A link creation may fail for several reasons.  If for example, the link you are trying
to make already exists, or there is insufficient system memory to make it, the link may fail.

dbptr - A database pointer.
path - The path (excluding the key) to where the link should be made.
key - The link name (this will be stored at path/key in the database).
tnptr - The node in which the created link will point to.

1 if the link was successfully created.
0 if the link could not be created.

struct pdb* dbptr = pdb_load("users.pdb");
struct pdb_node_t* richard = pdb_query_node(dbptr, "names/army/richard");

/*
 * While Richard is his legal name, we like to call him Dick.
 * We make a link from names/army/richard to names/army/dick so
 * we can query either and get the same node.
 */
if (pdb_create_link(dbptr, "names/army", "dick", richard)) {
	/*
	 * The link was successfully added.
	 * To make sure lets query names/army/dick and compare it with
	 * the richard pointer, which was names/army/richard.
	 */
	struct pdb_node_t* dick = pdb_query_node(dbptr, "names/army/dick");
	if (dick == richard) {
		printf("names/army/dick points to names/army/richard\n");
	} else {
		/*
		 * This will never be true.
		 */
		printf("You will never see this line.\n");
	}
} else {
	/*
	 * We were unable to create the link.
	 */
	printf("Link failed.\n");
}

struct pdb_node_t* pdb_query_node(struct pdb* dbptr, char* path);

Search the specified database structure for the specified node.
Each key in the path is delimited by a slash (/).

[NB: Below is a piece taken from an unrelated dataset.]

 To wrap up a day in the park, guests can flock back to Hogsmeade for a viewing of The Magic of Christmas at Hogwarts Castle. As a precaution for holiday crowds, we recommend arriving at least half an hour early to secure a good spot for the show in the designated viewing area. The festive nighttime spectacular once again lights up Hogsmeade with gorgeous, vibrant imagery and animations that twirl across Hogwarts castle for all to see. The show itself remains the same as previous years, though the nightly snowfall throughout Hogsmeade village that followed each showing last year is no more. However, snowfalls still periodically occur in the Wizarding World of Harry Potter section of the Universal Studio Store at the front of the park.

Therefore, if there is a node in the root called A, a node in A called B,
and a node in B called C, the path to C is:
	A/B/C

NOTE
This function returns a pointer to the node, not the data at that node.

dbptr - A database pointer.
path - The complete path to the node.

A pointer to the specified node.
If the node was not found, NULL will be returned.

struct pdb* dbptr = pdb_load("users.pdb");
/*
 * Is there a John Doe in this database?
 *
 * Assume the database file looks like:
 *
 * "names" {
 *	"foo" {
 *		"bar1" "a";
 *		"bar2" "b";
 *	}
 *	"john" {
 *		"doe" "a";
 *		"dime" "b";
 *	}
 * }
 *
 */
struct pdb_node_t* john = pdb_query_node(dbptr, "names/john/doe");
if (john) {
	printf("John Doe's node exists at memory location %x.\n", john);
} else {
	printf("John Doe is not in the database at that location.");
}

void* pdb_query(struct pdb* dbptr, char* path);

Similar to pdb_query_node(), but return a pointer to the data at that node
rather than a pointer to the node itself.

NOTE
This function is equivalent to:
	(pdb_query_node(dbptr, path))->data
assuming it returns a non-NULL pointer.

dbptr - A database pointer.
path - The complete path to the node.

A pointer to the specified node's data.
If the node was not found, NULL will be returned.

struct pdb* dbptr = pdb_load("users.pdb");
/*
 * What is John Doe's age?
 *
 * Assume the database file looks like:
 *
 * "names" {
 *	"john" {
 *		"doe" '35';
 *		"dime" '14';
 *	}
 * }
 *
 */
int* age = (int*)pdb_query(dbptr, "names/john/doe");
if (age)
	printf("John Doe is %i years old.\n", *age);
else
	printf("John Doe is not in the database at that location.\n");

struct pdb_node_t* pdb_set(struct pdb* dbptr, char* path, char* key, void* data);

Create a node at the location path/key in the specified database.
The type of node created will be of the string container type.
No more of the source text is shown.